福井県の化学工業の事業場のo-トルイジンによる膀胱がん発生事案をモチーフにした問題のようである。今年の口述試験でも問われるかもしれないので、受験生は注意した方がよさそうだ。

(1)正しい。これは当然であろう。福井県の事案でも経皮吸収が問題となったのではないかとされている。

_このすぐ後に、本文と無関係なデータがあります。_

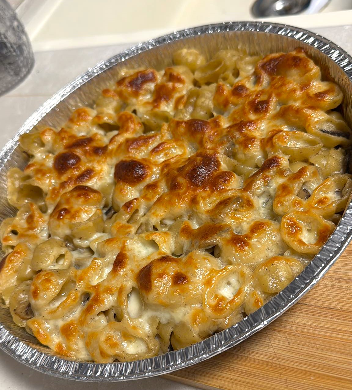 פשטידת פסטה מוקרמת – חלום מתכון מאת קורל המצרכים – חבילת פסטה בצל גדול קצוץ סלסלת פטריות מלח פלפל שחור כף מרק פטריות
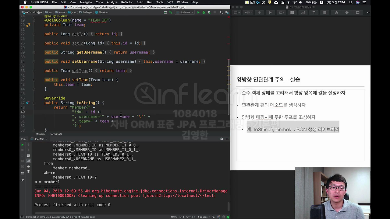 그리고 이제 조심해야 될게 양방향 맵핑 시에 무한 루프를 조심해야 됩니다. 뭐가 문제가 되냐면 lombok이나 JSON 생성 라이브러리에서 문제가 됩니다. 왜 문제가 되냐?
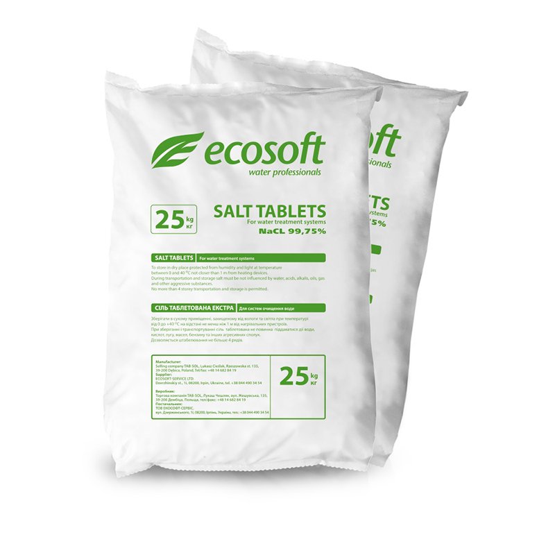 Таблетована сіль Ecosoft Ecosil призначена для регенерації іонообмінних смол Ecomix та Dowex, які використовуються в якості фільтруючого матеріалу в усіх фільтрах знезалізнення та пом'якшення води Ecosoft FK та фільтрах пом'якшення води Ecosoft FU.
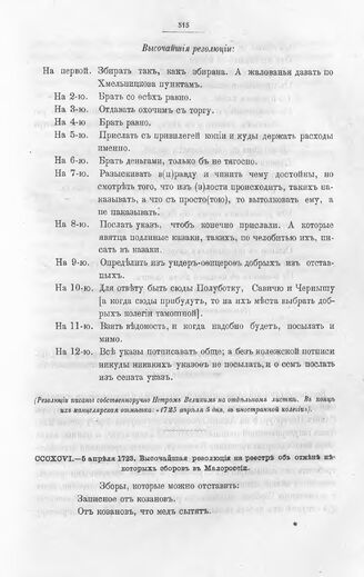 Высочайшие указы и повеления Императора Петра I, данные правительствующему сенату. Высочайшая резолюция на реестр об отмене некоторых сборов в Малороссии. 6 апреля 1723 // Из архива правительствующего сената.
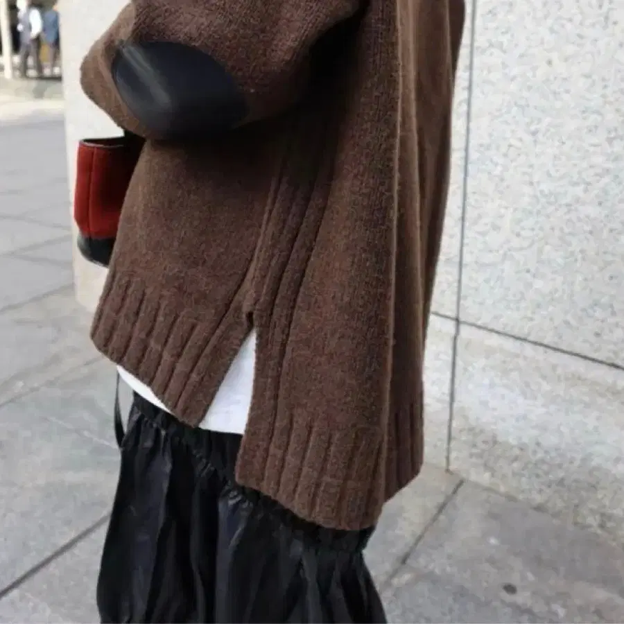 machatt 엘르보 패치 니트 브라운 V넥 니트 긴팔
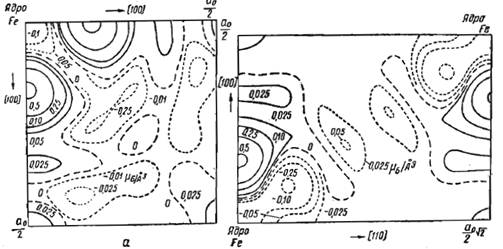 На диаграммах видна малая плотность посередине между атомами железа. На грани куба плотность избыточная, в диагональном направлении плотность недостаточная.
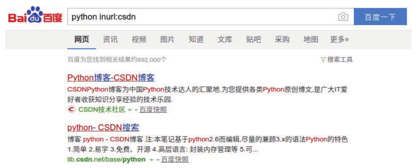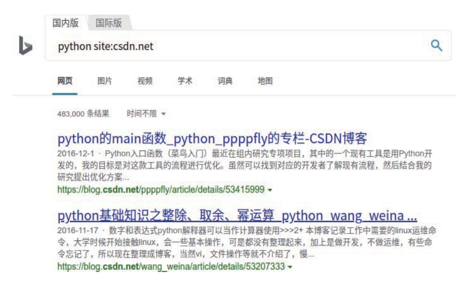 搜索结果就只会出现CSDN社区中关于Python的文章,如图1-2-1所示。
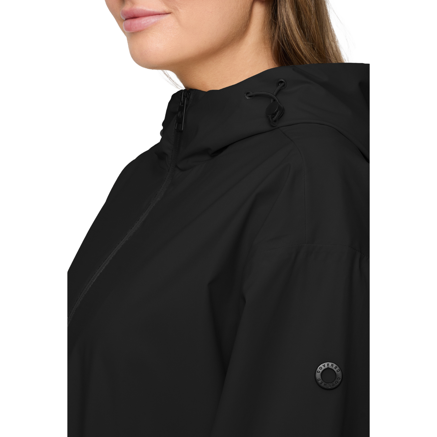 Black raincoat with a brand logo on a white background
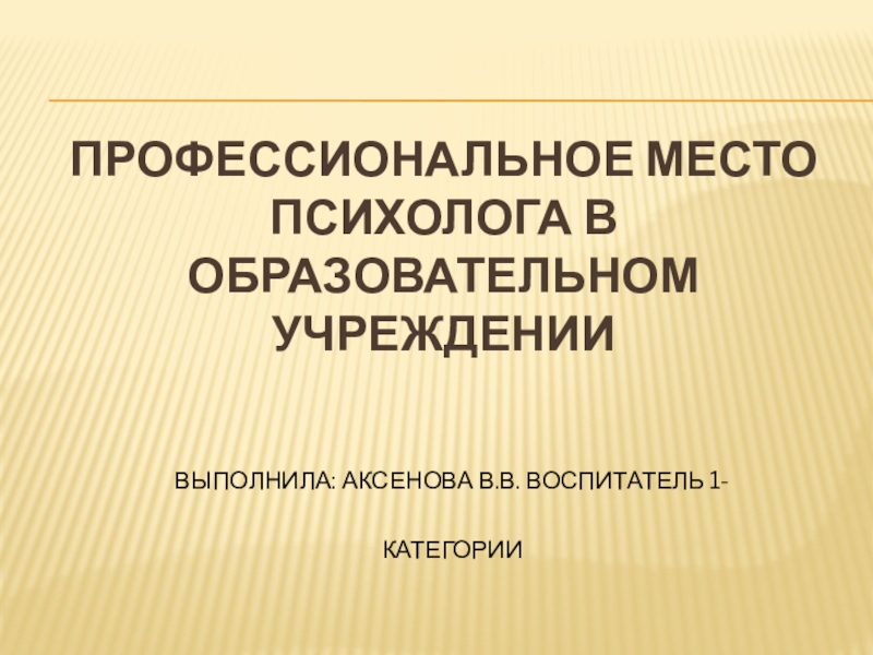 Слайд 1Профессиональное место психолога в образовательном учреждении
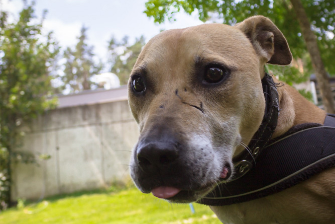 Aufgrund meiner Vorgeschichte bin ich ziemlich schüchtern und ängstlich, obwohl ich Menschen sehr gerne hab. Trotzdem ist es wohl besser, wenn ich in der Öffentlichkeit einen Maulkorb trage und mit Katzen und Kindern nichts zu tun habe.
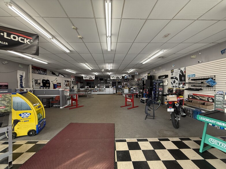 A concrete block 3600 SF retail/showroom with attached 2600 SF high bay insulated metal warehouse and adjoining two story wood frame garage with 1500 SF per floor.
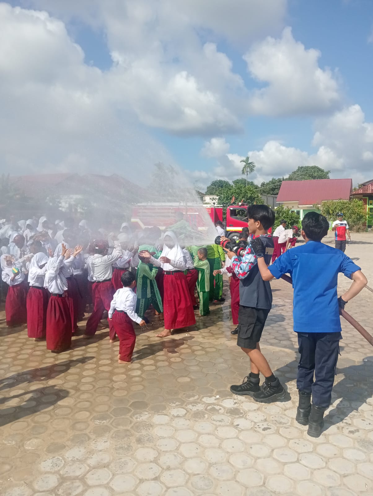Kegiatan berlangsung sejak pukul 08.00 hingga 09.40 WITA, diikuti dengan penuh semangat oleh para siswa dan guru. Aksi penyiraman ini menjadi momen penuh keceriaan yang menambah semarak peringatan Hari Sumpah Pemuda di lingkungan sekolah. Para siswa tampak antusias saat disemprotkan air dari unit mobil pemadam kebakaran, menciptakan suasana meriah dan kebersamaan.
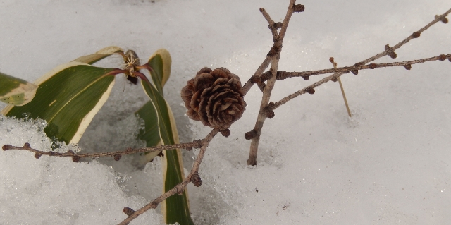 雪のなかの、この松林には、春待つ命があふれているのだ、と。そう思った途端、何か判らぬ乾燥した蔓の実が、マツボックリが、落葉松の木肌が、陽を浴びる苔が、林全体が、美しく見えてきた。
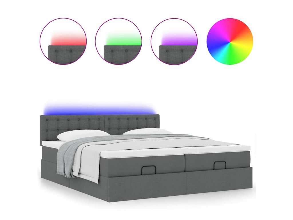 - Světla LED pro příjemnou atmosféru: Tato postel je vybavena LED osvětlením, které lze snadno nastavit a vytvořit tak individuální světelnou atmosféru. Umožňuje přizpůsobit režimy, barvy a jas, abyste si vytvořili příjemnou atmosféru svého interiéru.
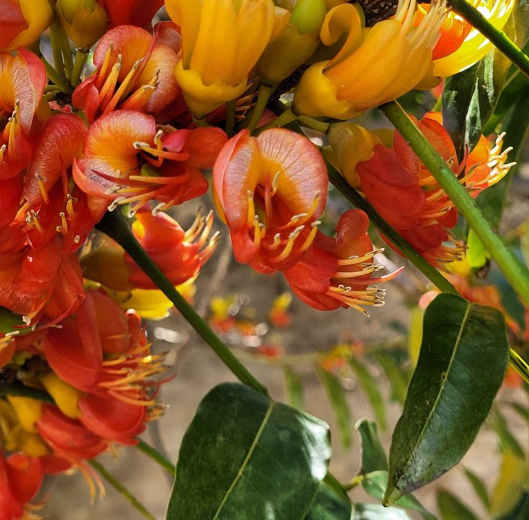 Drove down there in a gap in her meeting schedule. Found this tree in the garden - flowers look like birds and the birds love the tree
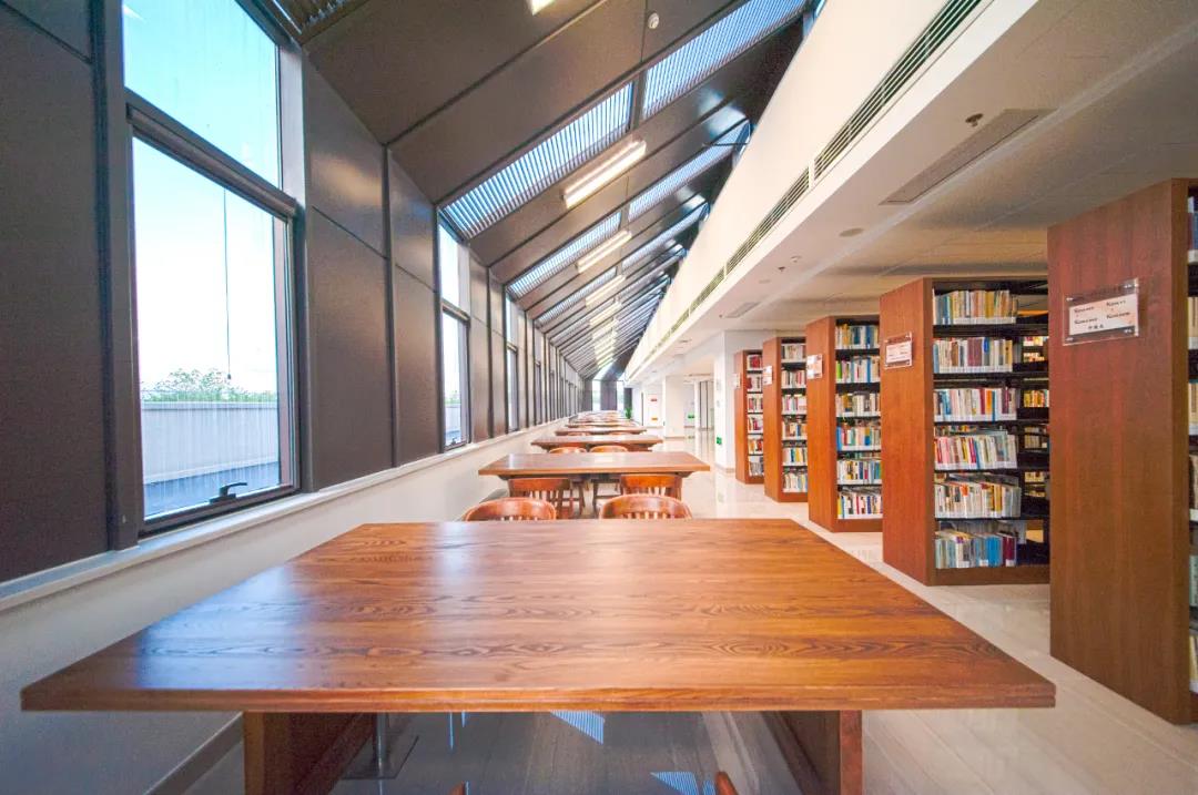 圖書館于2009年6月落成啟用,建筑面積約2.1萬平方米,設(shè)計(jì)概念取意自中國的線裝書,外部觀感造型體現(xiàn)了中國線裝書書盒的雅致結(jié)構(gòu),內(nèi)涵空間中則滲露出中國傳統(tǒng)書院園林空間的精神理念。
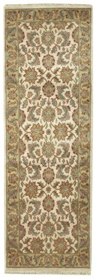 New Handmade Knotted Indian Jaipur 2'6 x 7'6 Runner Area Rug from India with Wool pile. Indian designs were strongly influenced by those of Iran, mainly by the curvilinear styles such as Esfahan. Popular designs of the 18th and 19th century, which Indo-mir is still a remaining example of, were mainly in the all-over layout with very small floral motifs such as plants, palmettes, rosettes and leaves. Often the same motif was repeated through the entire rug. Borders were very similar to the motifs in the field. There was not much color contrast in the rugs; the colors were mostly well coordinated to suit the Western taste. Brownish red was the dominant color. In addition to this color, light and dark green and burnt orange were also popular. Indian rugs missed the period of Aniline dyes which faded rapidly with exposure to light and water. Colorfast Chrome dyes directly replaced natural dyes.

(2)正しい。鉛は、ヘモグロビンの構成要素であるヘムの生合成に関与する酵素を阻害する。また、中枢神経障害や腎障害の症状がみられる。

(3)誤っているとは言えない。発がん性のある有害物質にばく露されてから職業がんが発症するまで、おおむね10~40年かかる。

(4)誤っているとは言えない。o-トルイジンによる膀胱がんの発がんメカニズムには、多くの種類の酵素による代謝活性化が関与しているものと考えられている。

(5)誤り。アミンとは、アンモニア(NH3)の水素が、いくつかアルキル基で置換された化合物の総称である。そして、芳香族アミンとは、ベンゼン環をもつアミンのことである。

本肢のo-トルイジンは芳香族アミンであるが、ベンゼン(C6H6)はそもそもアミンではない。